--- WORK TO COMPLETE ---
Search the entries below for "보안관찰처분 비대상자 고지". Give that line and all the lines after it again, exactly, through the last, without pictures.

--- DATA PROVIDED ---
+ + + + + + +
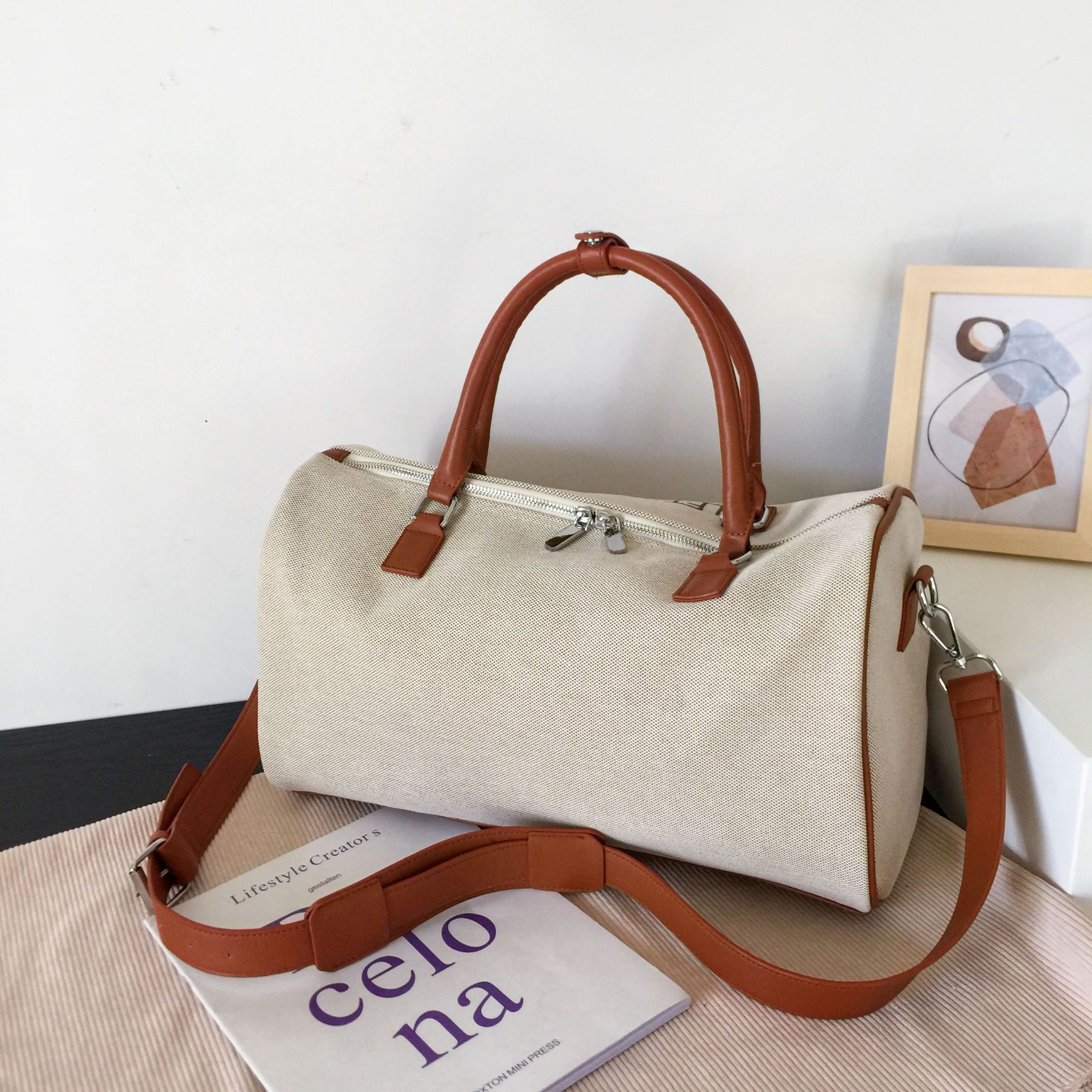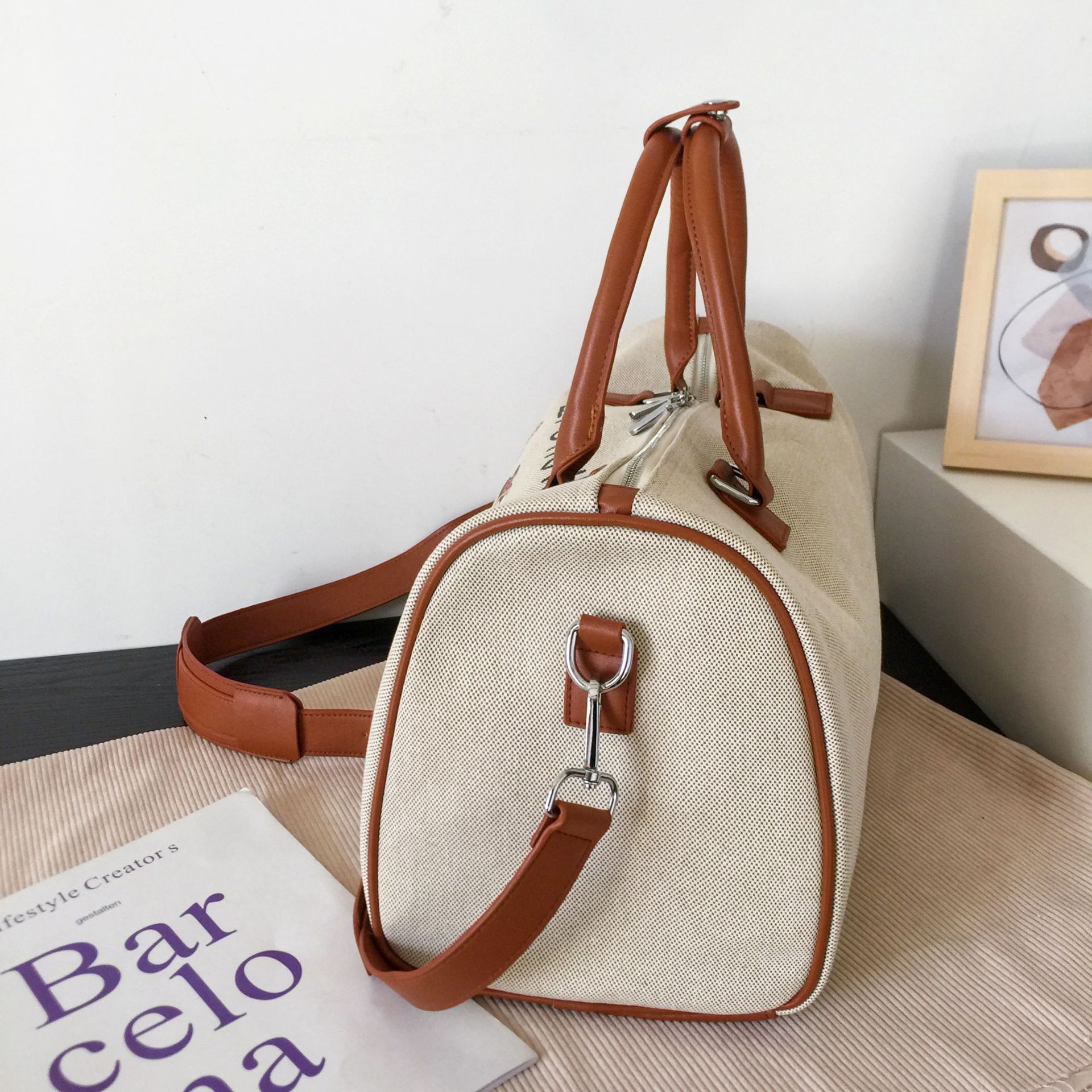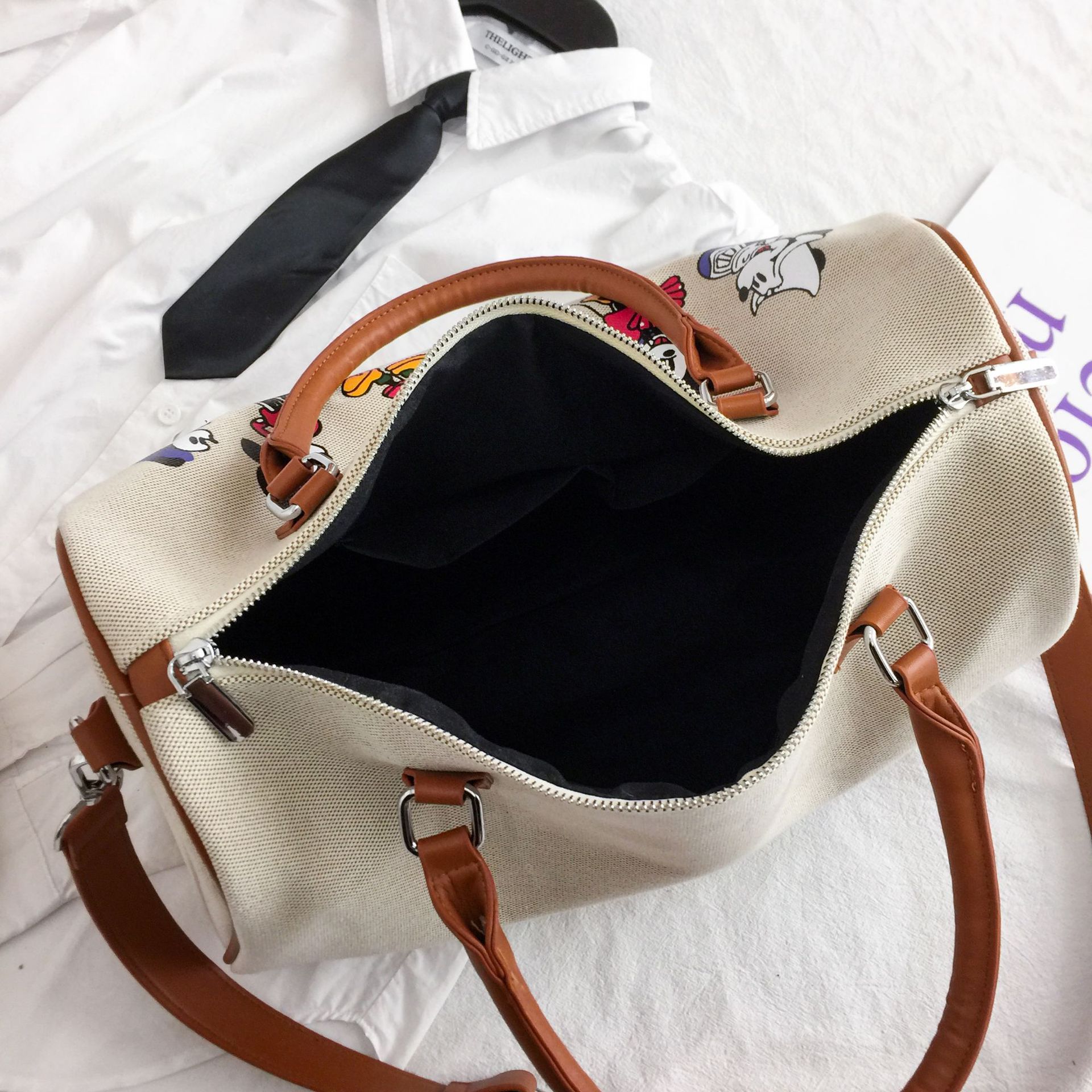새로운 만화 캔버스 요가 가방 여성 어깨 가방 짧은 거리 여행 가방 여성 가방 유행 일본과 한국식 대용량 봄 여행 가방스토어 가기
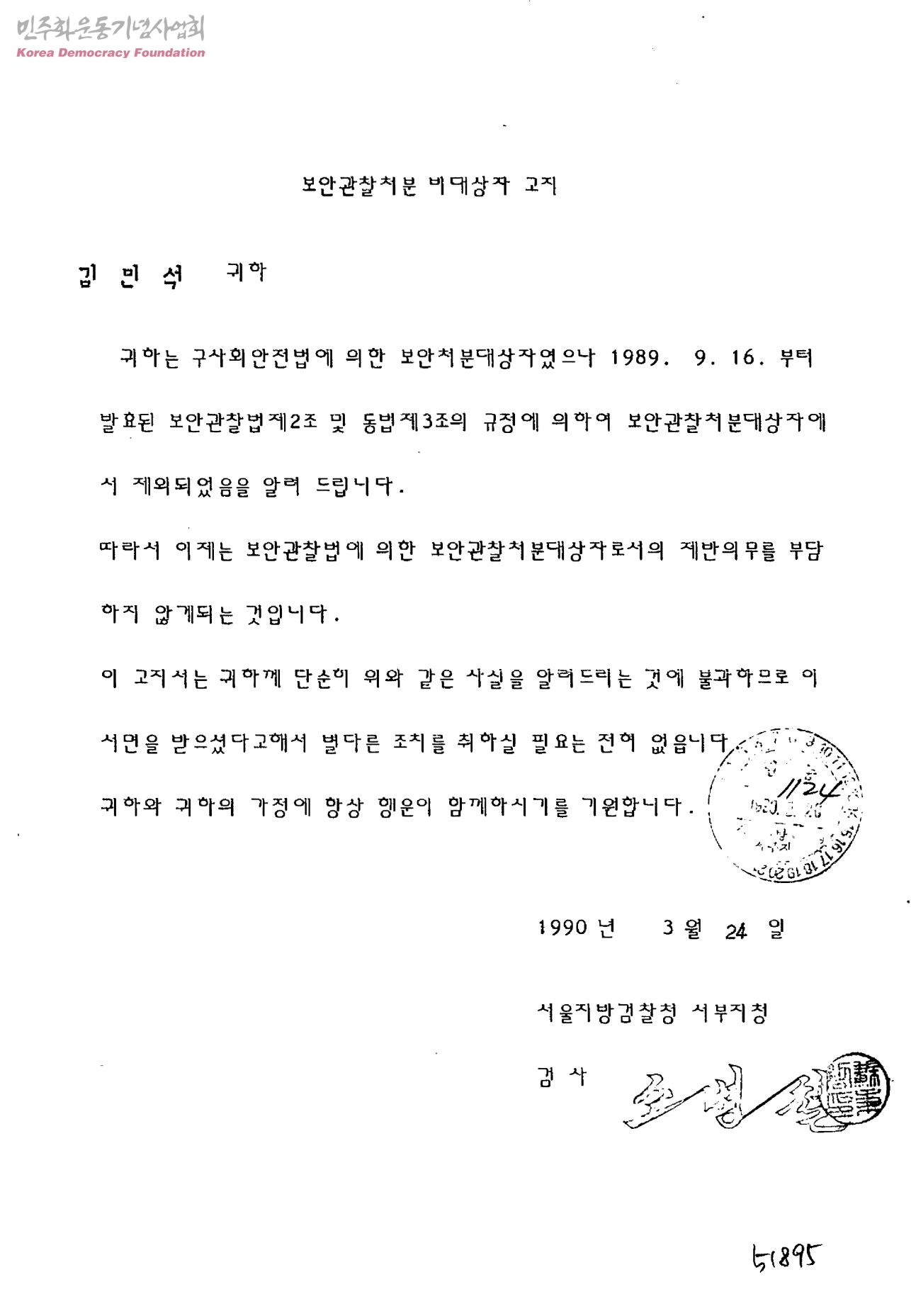 보안관찰처분 비대상자 고지
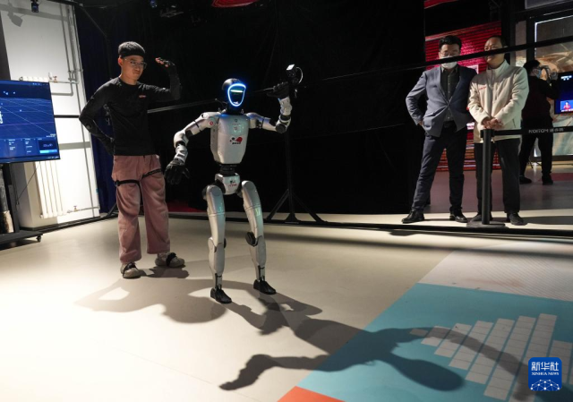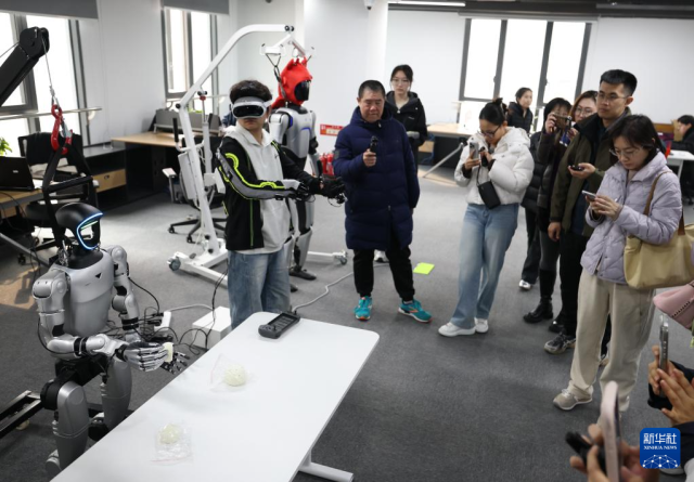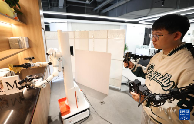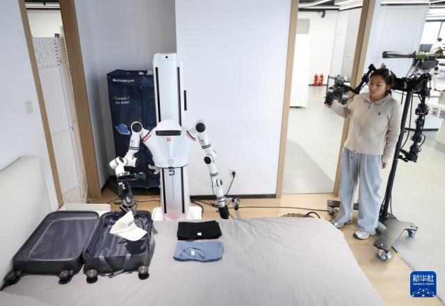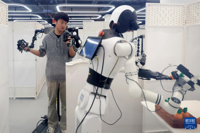 在人形机器人数据训练中心,机器人在工业智造、智慧家庭、商业服务等场景进行数据采集,为人形机器人相关研发提供数据支持。数据采集员在此操控机器人完成一系列特定任务,生成海量动作数据,让机器人“大脑”更智慧。未来,这些机器人将会进入工厂、商超、家庭等更多应用场景。
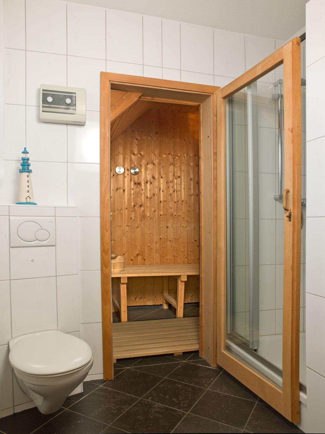 Das Bad mit Dusche/WC/Sauna befindet sich im OG.
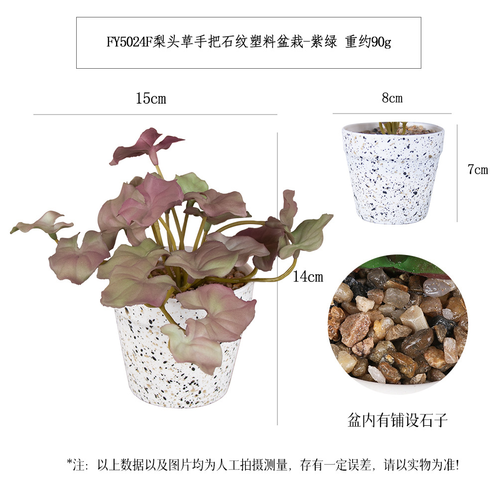 FY5025F- Purple-green three-leaf ground brocade handle stone-patterned plastic potted plant
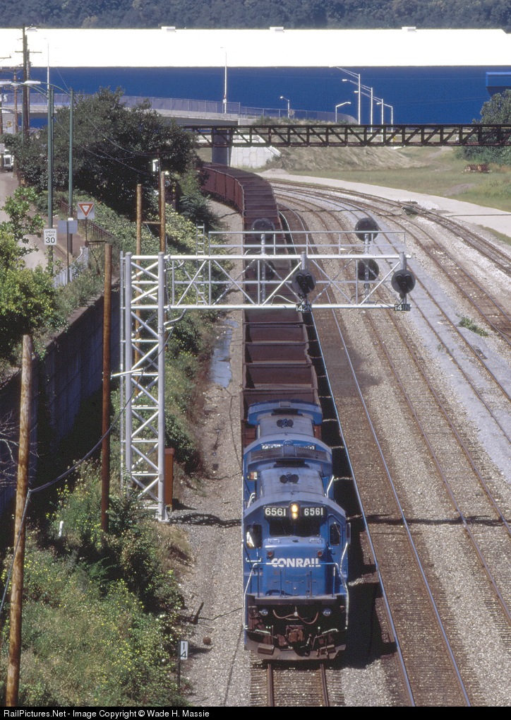 | In the heart of the Steel Valley, an empty hopper train rolls past recently installed NYC style signals at MP 14. |
+ + + + + + +
--- RESPONSE FOR THIS EXERCISE ---
 보안관찰처분 비대상자 고지
 在人形机器人数据训练中心,机器人在工业智造、智慧家庭、商业服务等场景进行数据采集,为人形机器人相关研发提供数据支持。数据采集员在此操控机器人完成一系列特定任务,生成海量动作数据,让机器人“大脑”更智慧。未来,这些机器人将会进入工厂、商超、家庭等更多应用场景。
 Das Bad mit Dusche/WC/Sauna befindet sich im OG.
 FY5025F- Purple-green three-leaf ground brocade handle stone-patterned plastic potted plant
 | In the heart of the Steel Valley, an empty hopper train rolls past recently installed NYC style signals at MP 14. |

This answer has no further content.